BEGIN Data supplied
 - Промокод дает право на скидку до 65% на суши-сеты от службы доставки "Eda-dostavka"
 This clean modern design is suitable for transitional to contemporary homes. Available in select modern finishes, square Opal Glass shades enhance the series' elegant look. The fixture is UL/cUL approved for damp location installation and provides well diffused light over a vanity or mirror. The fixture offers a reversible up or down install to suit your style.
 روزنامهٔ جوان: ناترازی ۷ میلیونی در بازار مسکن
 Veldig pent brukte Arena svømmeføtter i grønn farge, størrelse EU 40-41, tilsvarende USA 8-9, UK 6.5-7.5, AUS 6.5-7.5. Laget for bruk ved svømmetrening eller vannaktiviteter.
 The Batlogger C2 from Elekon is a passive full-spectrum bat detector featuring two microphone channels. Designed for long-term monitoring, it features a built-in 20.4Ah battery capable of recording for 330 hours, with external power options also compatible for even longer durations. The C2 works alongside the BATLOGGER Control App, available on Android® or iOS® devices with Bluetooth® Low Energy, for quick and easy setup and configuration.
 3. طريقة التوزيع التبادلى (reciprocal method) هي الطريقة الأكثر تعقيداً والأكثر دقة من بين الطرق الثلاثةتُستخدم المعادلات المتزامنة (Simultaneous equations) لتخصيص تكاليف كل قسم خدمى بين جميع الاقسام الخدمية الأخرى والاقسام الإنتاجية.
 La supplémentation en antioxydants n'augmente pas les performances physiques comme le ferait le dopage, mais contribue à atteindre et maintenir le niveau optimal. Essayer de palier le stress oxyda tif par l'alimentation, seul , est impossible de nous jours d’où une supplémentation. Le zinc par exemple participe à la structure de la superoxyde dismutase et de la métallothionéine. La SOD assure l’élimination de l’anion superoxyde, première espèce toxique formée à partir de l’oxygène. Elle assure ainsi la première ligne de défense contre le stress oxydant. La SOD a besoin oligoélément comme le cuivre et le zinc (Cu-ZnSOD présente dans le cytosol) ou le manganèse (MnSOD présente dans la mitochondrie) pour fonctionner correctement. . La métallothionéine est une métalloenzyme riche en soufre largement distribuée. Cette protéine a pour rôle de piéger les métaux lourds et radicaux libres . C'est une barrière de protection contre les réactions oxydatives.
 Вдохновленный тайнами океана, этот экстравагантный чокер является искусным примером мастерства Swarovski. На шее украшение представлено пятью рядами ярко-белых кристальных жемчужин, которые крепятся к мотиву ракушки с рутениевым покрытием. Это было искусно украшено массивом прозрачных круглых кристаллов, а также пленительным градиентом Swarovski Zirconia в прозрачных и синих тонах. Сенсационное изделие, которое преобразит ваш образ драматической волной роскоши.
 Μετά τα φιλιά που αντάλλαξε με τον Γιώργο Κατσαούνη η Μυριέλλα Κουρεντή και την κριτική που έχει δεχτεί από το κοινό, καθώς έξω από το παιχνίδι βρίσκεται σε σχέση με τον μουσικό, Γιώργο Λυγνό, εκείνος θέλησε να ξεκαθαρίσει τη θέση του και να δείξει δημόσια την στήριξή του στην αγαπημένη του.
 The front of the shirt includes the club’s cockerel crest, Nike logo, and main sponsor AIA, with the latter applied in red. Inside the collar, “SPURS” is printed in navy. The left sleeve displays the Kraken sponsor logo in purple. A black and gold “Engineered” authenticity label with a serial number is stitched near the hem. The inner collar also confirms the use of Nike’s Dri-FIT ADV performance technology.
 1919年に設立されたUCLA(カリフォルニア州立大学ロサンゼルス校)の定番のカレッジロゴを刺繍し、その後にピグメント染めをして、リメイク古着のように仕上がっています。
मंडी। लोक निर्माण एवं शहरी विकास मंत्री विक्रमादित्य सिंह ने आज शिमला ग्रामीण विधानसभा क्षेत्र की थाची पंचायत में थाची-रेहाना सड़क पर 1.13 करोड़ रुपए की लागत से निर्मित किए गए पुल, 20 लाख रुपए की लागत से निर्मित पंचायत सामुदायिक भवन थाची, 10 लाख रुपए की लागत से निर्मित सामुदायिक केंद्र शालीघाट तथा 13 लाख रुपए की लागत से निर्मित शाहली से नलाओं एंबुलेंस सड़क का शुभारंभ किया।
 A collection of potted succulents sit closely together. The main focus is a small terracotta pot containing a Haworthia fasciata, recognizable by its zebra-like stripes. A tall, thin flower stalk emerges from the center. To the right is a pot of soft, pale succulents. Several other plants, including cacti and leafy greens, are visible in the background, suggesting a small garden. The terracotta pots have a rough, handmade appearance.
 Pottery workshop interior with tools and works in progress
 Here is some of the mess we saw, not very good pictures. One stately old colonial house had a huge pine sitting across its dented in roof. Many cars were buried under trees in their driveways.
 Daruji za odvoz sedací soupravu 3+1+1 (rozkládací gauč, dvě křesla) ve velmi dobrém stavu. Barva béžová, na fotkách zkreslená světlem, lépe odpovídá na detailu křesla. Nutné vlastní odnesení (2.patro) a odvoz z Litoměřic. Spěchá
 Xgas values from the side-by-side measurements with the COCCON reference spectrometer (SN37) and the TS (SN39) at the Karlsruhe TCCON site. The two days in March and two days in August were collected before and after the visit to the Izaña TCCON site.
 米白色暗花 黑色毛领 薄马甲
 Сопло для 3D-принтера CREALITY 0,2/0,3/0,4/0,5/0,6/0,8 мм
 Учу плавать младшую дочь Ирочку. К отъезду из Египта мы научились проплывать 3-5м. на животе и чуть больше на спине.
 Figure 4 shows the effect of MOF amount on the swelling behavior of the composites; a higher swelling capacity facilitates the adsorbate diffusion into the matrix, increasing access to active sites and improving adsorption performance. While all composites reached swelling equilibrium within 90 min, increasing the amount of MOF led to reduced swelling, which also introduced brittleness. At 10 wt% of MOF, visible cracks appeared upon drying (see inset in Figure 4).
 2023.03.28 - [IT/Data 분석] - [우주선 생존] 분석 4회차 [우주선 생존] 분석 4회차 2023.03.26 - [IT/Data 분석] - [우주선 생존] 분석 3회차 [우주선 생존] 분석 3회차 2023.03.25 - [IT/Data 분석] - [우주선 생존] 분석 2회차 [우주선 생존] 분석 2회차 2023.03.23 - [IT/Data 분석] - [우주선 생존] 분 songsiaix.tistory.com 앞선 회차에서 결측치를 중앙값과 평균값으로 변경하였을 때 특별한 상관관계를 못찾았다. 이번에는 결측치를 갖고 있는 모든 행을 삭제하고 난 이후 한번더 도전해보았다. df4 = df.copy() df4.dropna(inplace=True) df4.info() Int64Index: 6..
END Data supplied
▶ _Exercise_
In the listing above, find the line with "A collection of" and the line with "Here is some"; set down exactly those two lines and every line between them, nothing more.

▶ _Result for this task_
 A collection of potted succulents sit closely together. The main focus is a small terracotta pot containing a Haworthia fasciata, recognizable by its zebra-like stripes. A tall, thin flower stalk emerges from the center. To the right is a pot of soft, pale succulents. Several other plants, including cacti and leafy greens, are visible in the background, suggesting a small garden. The terracotta pots have a rough, handmade appearance.
 Pottery workshop interior with tools and works in progress
 Here is some of the mess we saw, not very good pictures. One stately old colonial house had a huge pine sitting across its dented in roof. Many cars were buried under trees in their driveways.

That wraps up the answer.